By allowing ads to appear on this site, you support the local businesses who, in turn, support great journalism.
New laws tackle truancy, marijuana, online impersonation
Placeholder Image
As of Jan. 1 more than 700 new laws will take effect in California, changing penalties for marijuana possession, extending benefits for foster children, and banning trans-fat oil from bakeries, among hundreds of other changes.

The following new laws took effect on Saturday:

• Possession of up to one ounce of marijuana has been downgraded from a misdemeanor to an infraction, similar to a traffic ticket. The fine remains at $100, but violators will no longer be arrested, sent to court, and face the potential of a criminal record.

• Medical marijuana dispensaries will not be allowed within 600 feet of public or private schools. Cities and counties have the option to further restrict where dispensaries can be located, but all dispensaries now face a 600 foot minimum separation from schools.

• University of California faculty and workers who report illegal or improper actions will now be offered the same legal protections - including the right to seek damages in court on retaliation complaints - as other state employees.

• Charter schools will be required to adhere to the state's student speech and employee protection laws.

• Parents can be charged with misdemeanors, should kindergarten through eighth grade children miss too much school. The penalty is up to a year in jail and $2,000 fine, should prosecutors prove the parents failed to reasonably supervise and encourage their child to attend school.

• Foster children will be eligible for state services until age 21; previously, benefits stopped at age 18.

• "Social hosts" of age 21 or older who host underage drinkers will be subject to legal liability for property damage, injury, or death resulting from knowingly serving alcohol to underage guests. Supplying alcohol to a minor was already a crime under state law, but civil suits were not allowed until now. The new law is said to hold parents responsible for giving teens alcohol, and to discourage such activity.
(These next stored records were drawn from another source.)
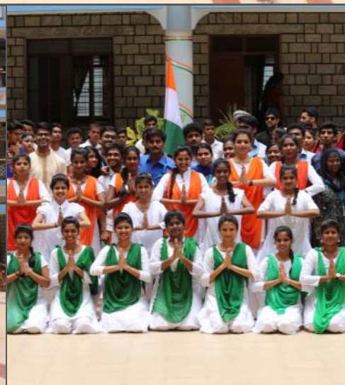
Group Photo: Jai Hind 2017 Team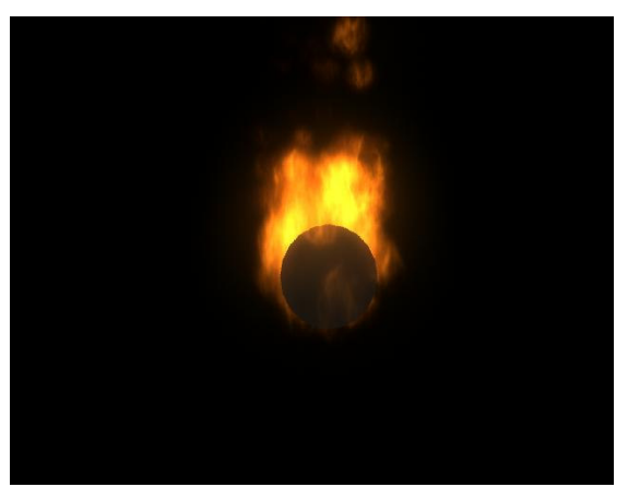
Fig. 7 – Cylinder Polygon with fire (side view)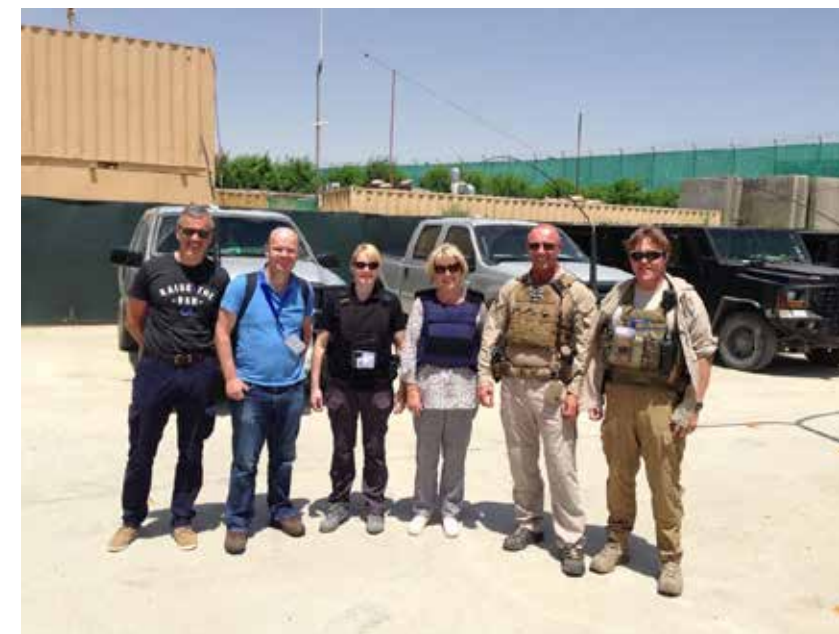
Members of the IECEU project on a field visit to Afghanistan

hundreds of armed militias in Libya were “largely out of control” 25 . When an invitation finally arrived, from the government of Prime Minister Zidan, the EU rushed to launch the mission, and therefore did not follow the normal procedure for constructing an Operation Plan 26 (OPLAN). 27 CSDP border related missions as standard require comprehensive assessment, such as evaluation of the country's present border capability, management needs, security, social, and political risks and vulnerabilities. This assessment is required to take place before a mission is established. 28 The quick mission launch, and lack of a proper situational assessment, was problematic as some of the political aspects, like the situation in Libyan politics, had changed since the original plan, and was not properly considered. 29 Another essential element blocking mission planning, was that in ultimo 2012, the south of Libya was declared a military zone, which meant the area was off limits for any international mission. This, according to Libyan interviewees, made the whole matter of border control insignificant. 30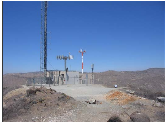
Photograph 4: Overview of Winchester candidate location, facing northwest.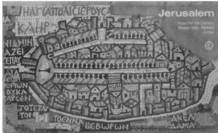
Above is a Mosaic Map of Jerusalem.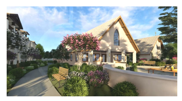
North side with housing on the left and the new Parish Hall in the center and Church on the right

Here are some conceptual drawings (not final), but a good idea of the final presentation.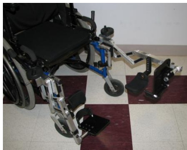
Figure 2. Elevating legrest on wheelchair

People who use wheelchairs need to elevate their legs periodically in order to prevent loss of circulation in their lower extremities, which can cause pressure sores and swelling of the legs. With currently available legrests, wheelchair users are often unable to elevate their legrests independently. Even when a caregiver helps them, the limited extension of the legrest may not entirely alleviate the problem. A graduate student created a new design for an elevating legrest that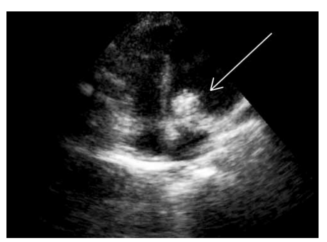
Figure 1. A transthoracic echocardiogram demonstrating a 19x14 mm vegetation in the subaortic position.

The patient was then admitted to our facility to undergo the recommended surgical procedure. His temperature was 36.8 °C, and he had a pulse rate of 106 beats per minute, blood pressure of 90/50 mmHg, and a respiratory rate of 26 breaths per minute. His heart sounds were regular, and a grade 2/6 systolic murmur was audible on auscultation with a loud S1 and split S2. In addition, no evidence of peripheral or central cyanosis, clubbing, or peripheral stigmata of endocarditis was found during the physical examination. However, left hemiplegia and left facial paralysis were present.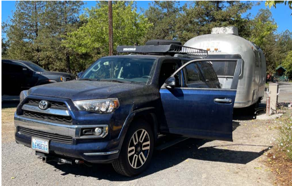
"Button," out vintage Airstream.

We took a little glamping trip for our anniversary.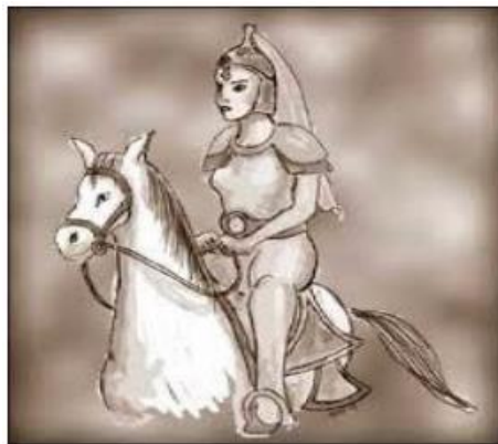
Razia Sultana, the first woman ruler of Delhi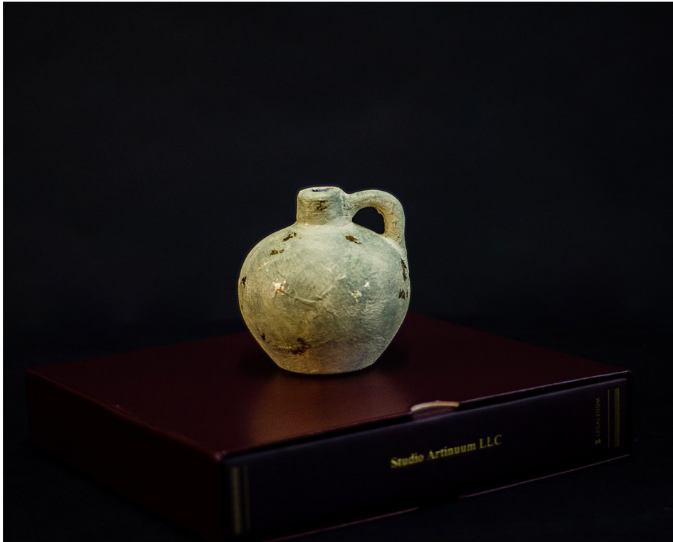
Collection 2 (2023), Ceramic, acrylic color, 8" x 6" x 8"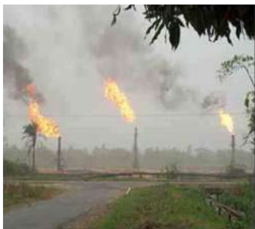
Plate 4: Gas Flaring at Botem-Tai, Rivers State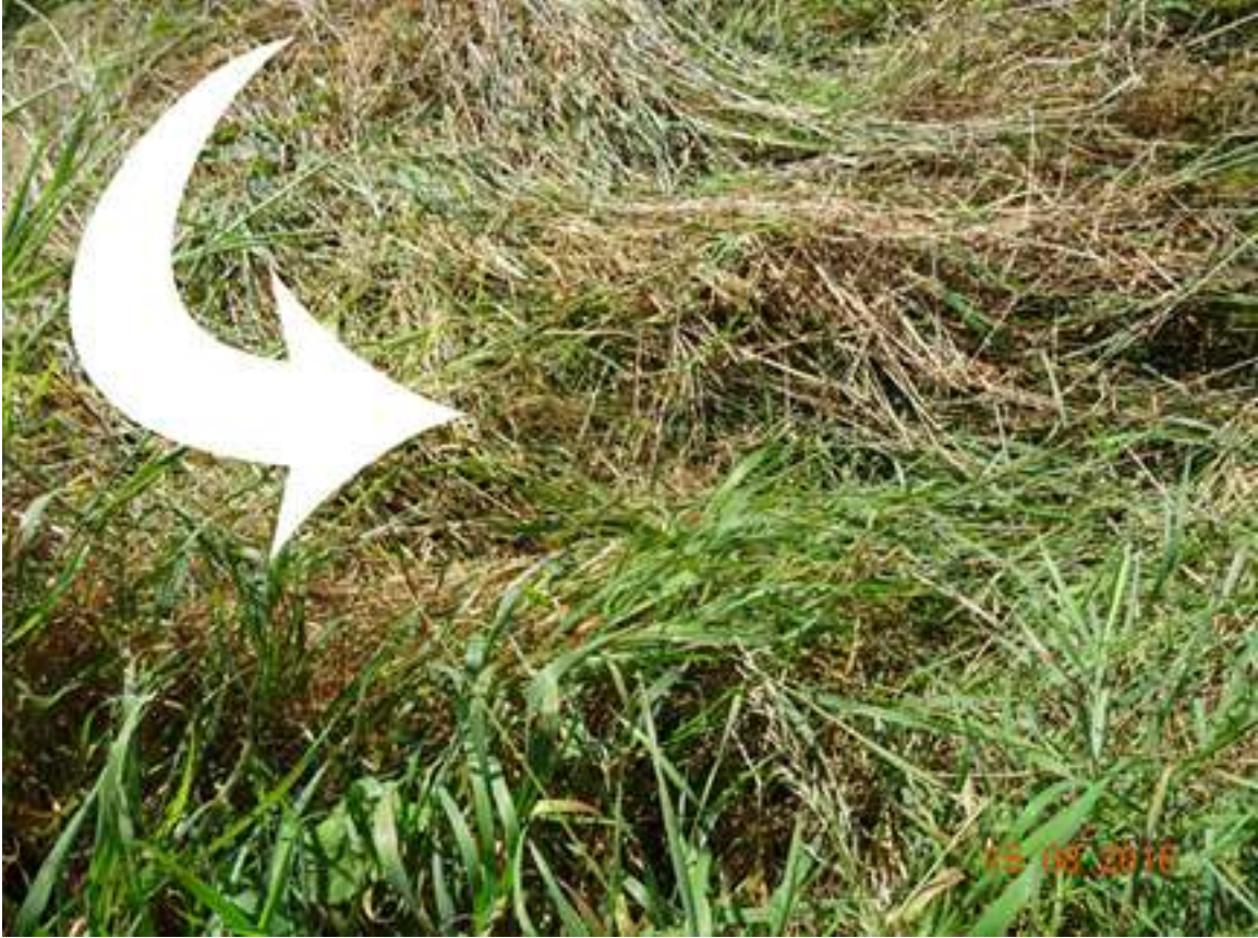
Since several of the documented plant abnormalities found in genuine crop circles are known to be caused by heat, did the “light-beams” dry out the grasses in Circle #2?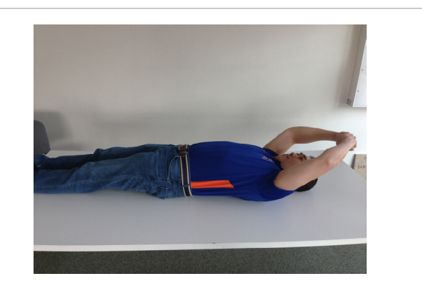
Figure 7: Supine active assisted forward flexion exercise done with the help of the contra-lateral normal arm. Range of motion as tolerated and limited by pain.

The strengthening phase should begin approximately 10 to 12 weeks postoperatively depending on the size of the tear, surgical fixation, and patient factors. Histologically, the remodeling phase is nearly complete, with tendon-to bone healing generally strong enough to allow for a graduated program of muscle strengthening. Importantly, both glenohumeral and scapulothoracic kinematics, as well as soft-tissue compliance, should be optimized so that a strengthening program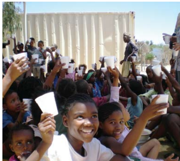
A public-private partnership launched by USAID is allowing these children in Namibia to receive a cup of nutritious yogurt, coupled with HIV/AIDS prevention education, every day.

Already the program is having an impact. At the outset, 400 children were being reached at two sites. As of March, just one month later, the number of children attending HIV/AIDS prevention programs had doubled. ★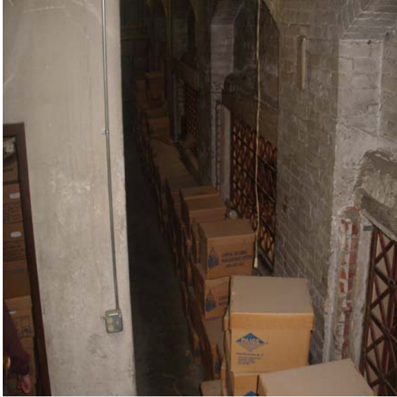
Atrium Storage 2010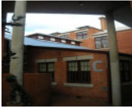
Building C, Old Chemistry Building.jpg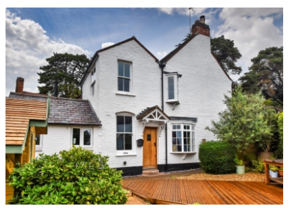
Beech Cottage, 8 The Holloway, Compton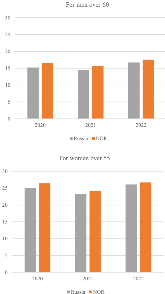
Fig. 2. Expected life expectancy of older people in the Russian Federation and the Republic of North Ossetia-Alania in 2020-2022.

It is obvious that by 2030 every fourth resident of North Ossetia will belong to the older generation. Therefore, the tasks of the regional demographic development in the near future consist not only in creating conditions for natural and migration population growth, but also in creating conditions for the active longevity of the rapidly aging population of the region, whose life expectancy is growing, and at a higher rate than the Russian average (Figure 2).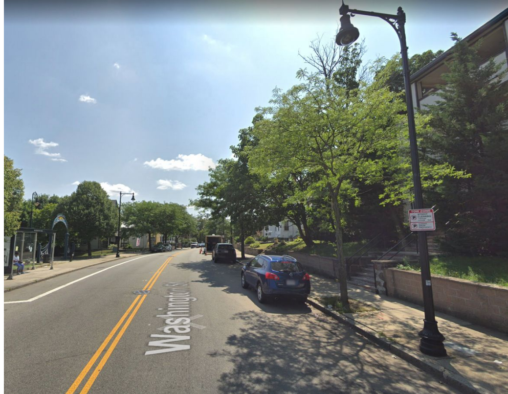
View looking south on Washington Street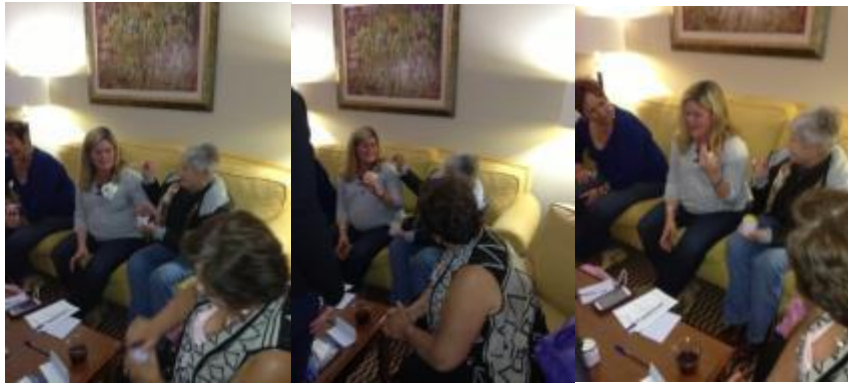
Games – guess the baby food flavor – ugh!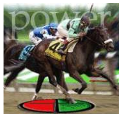
BIRDSTONE defeated SMARTY JONES in the Belmont S.-G1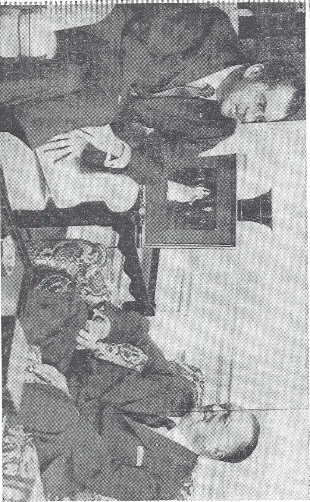
FBI DIRECTOR J. EDGAR HOOVER, who died last night, is shown during meeting with PRESIDENT NIXON in May, 1971, to discuss recent killings of police officers in New York City and Washington.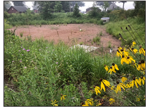
Above: A two-stage retention basin and iron-enhanced sand filter slow and treat runoff from a 30-acre drainage area in Deerwood, removing about 90% of the phosphorus. At the Summer Place on Serpent Lake, heavy rains had flooded some — but not all — of the 13 cabins. Getting all 13 to agree to the project generated conflict and negotiation because those unaffected by flooding didn't want to give up land. Below: From left: Barrick, Michels, Tichenor and Chamberlin discuss the targeted watershed project at the new outlet to the lake.

keep an estimated 80 pounds of phosphorus out of Serpent Lake annually.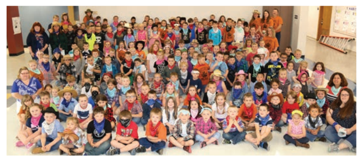
Students and staff in grades K-2 gathered for a group photo in support of Relay for Life as they gave cancer the boot in this year's cowboy-themed campaign.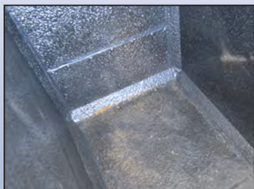
Interior armothane coating retains moisture and prevents corrosion.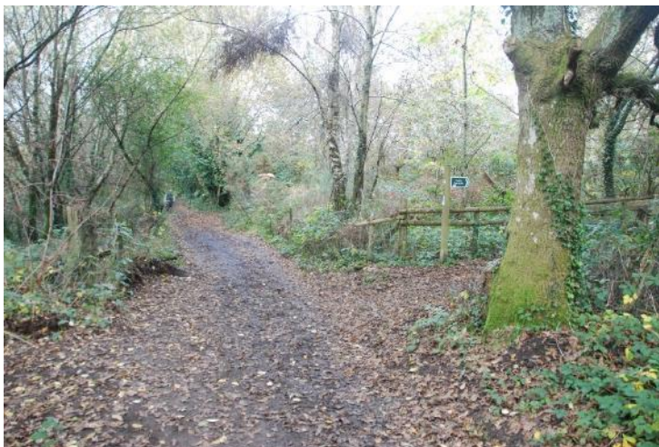
8 Turn right to Footpath 4 (optional extra walk) – skip to photo 9 if you're not doing it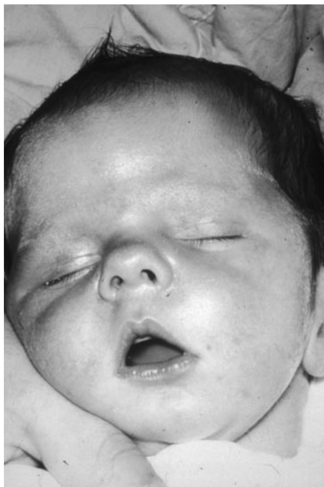
Figure 2 The typical tented upper lip ('carp mouth') appearance in congenital myotonic dystrophy.

The diagnosis of DM1 is made from DNA testing in an individual who is clinically suspected to have DM1. Non-molecular testing has been used in the past to establish the diagnosis of DM1 but now has no role in making the diagnosis in current practice. Patients may have had an EMG and occasionally a muscle biopsy and other tests before the diagnosis was clinically suspected. It is therefore valuable to be aware of the features of these investigations in patients with DM1. It should be emphasised that there is no clinical indication for performing a muscle biopsy to make the diagnosis of DM1. If the clinical features suggest DM1, but DM1 genetic testing is negative, then DM2 testing should be performed.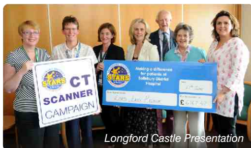
Longford Castle Presentation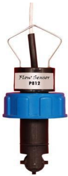
PP Sensor Rod

These Digital Flow Transmitters are available in Panel mounted version (model P383) and Field mounted version (model F383). The standard output from Transmitter is 4 to 20 mA, but we can also provide 2 to 10 VDC, RS232 or, RS485. Programmable scale factor with direct flow rate reading in M3/hr / LPH / LPM / LPS / GPMus / GPMuk, and totalizer reading in m3 / Liters / Gallon is available in these series of Flow Transmitters. This model has optional Relay output which can be provided to operate on Totalizer (used for Batching and Dosing application) or, on rate of flow (used as flow switch).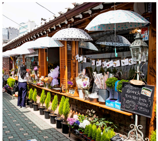
Ikseon-dong Hanok Street | 益善洞韩屋街

• Intoxicated teens who call 911 to ask for help for themselves or another teen who has been drinking will be granted protection from criminal charges for buying alcohol or carrying it in public. Teens will still face legal action in incidences where the law states alcohol makes an activity dangerous, such as driving.

• Retailers with off-sale alcoholic beverage licenses - mostly grocery stores and liquor stores - will be eligible for a new, $300 instructional tasting license which will allow free tastings of beer, wine, and/or spirits. Some retailers could offer beer and wine tastings before, but the new process allows hard alcohol while streamlining the process.

• Landlords will no longer be able to evict tenants who are victims of domestic violence, sexual assault, or stalking if the tenant is concerned of being attacked again.

• Courts can seize property used in human trafficking, including houses and vehicles. New civil penalties of up to $25,000 will be added to any such criminal sentence.

• New, one-day expedited jury trials are available to plaintiffs and defendants who agree to them. The new trials use eight instead of 12 jurors, and allow each side just three hours to present evidence. The trials are expected to clear busy court calendars.

• Beginning Feb. 1, handgun ammunition buyers will be required to provide thumbprints and valid identification to make a purchase. Stores will keep the information on record for five years, to be made available to law enforcement at their request. Internet and mail order sales of handgun ammunition will be banned.

• Online impersonation, via social networking, texting, or e-mails, is now a misdemeanor punishable by year in jail and up to $1000 in fines. Victims may sue for further damages. Prosecutors must show a criminal intent to harm, intimidate, threaten, or defraud.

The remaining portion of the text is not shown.